Benjamin Barber agrees that it is undeniable and there is some truth to the fact that large groups of people occasionally do come together and do great damage. Barber argues that at the end of the French revolution crowds called for divisive issues to be settled unanimously through a kind of organic general will of a homogenized monolithic community based on aroused emotion, peer group pressure, group polarization and conformity. This is what liberals have called “the tyranny of the majority, and the degeneration of a reasoning public into a mob”.

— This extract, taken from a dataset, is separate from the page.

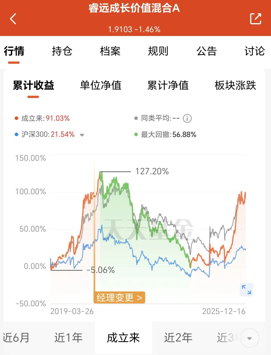 然而,2021-2024年熊市给了市场一记响亮的耳光。傅鹏博管理的睿远成长价值最大回撤达到56.88%,远超投资者预期,睿远的“光环”就此破灭。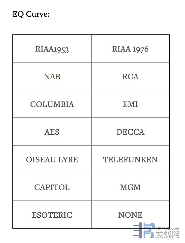 • 对于黑胶唱片,有多种RIAA均衡曲线可选,用以适应老唱片

The state is the embodiment of society when these ties of citizens – the general will  – come together. Liberals complain that leaders do not represent the general will but are the embodiment of it. For unitary democracy, this citizenship is based on not only conformity to real and imagined group pressures but on obedience to authority. In unitary democracy, citizenship is not just one of a number of roles, it is the only role. It is scary because this means that the relationship between parents and children is not understood as a private relation external to politics. Family relations are political meaning it is possible for children to turn in their parents as traitors. In unitary democracy it means too much for the blood brothers of the organic community. Politics is total mobilization of its citizens.

How liberal democracy contributes to unitary mobocracies 

Barber admits that unitary democracy when combined with capitalist depression, the emergence of mass media and specialized propaganda techniques something like totalitarianism could result. However, Barber claims that this totalism seems as much a response to the failures of liberalism as a tribute to the success of liberalism’s competitors. Liberalism has contributed to the molding of mass humans. Liberals expect miracles from masses which they keep inert by their forms of representation and then they wonder why people are apathetic about politics and when pushed to vote for candidates who do not represent them. They think their opinions are not intelligent because they are not within a representational frame. When participation is neutered by being cut off by the representative system, understandably citizens will prefer to spend their time in the pursuit of private interests.

Occasionally, liberals will throw referendum at the people but they don’t give adequate information, provide a time and place to discuss political matters, while protected  from money and media pressures. Then they blame masses of people for lack of judgment. Barber asks what general would shove rifles into the hands of civilians, hurry them off to battle and then call them cowards when they are overrun by the enemy? Groups become mobs of bigotry and hatred not because they are a product of ongoing political discussion but as a result of  the mindless isolation of individual wills bombarded by mass media which at the same time relieve people of responsibility for their opinions.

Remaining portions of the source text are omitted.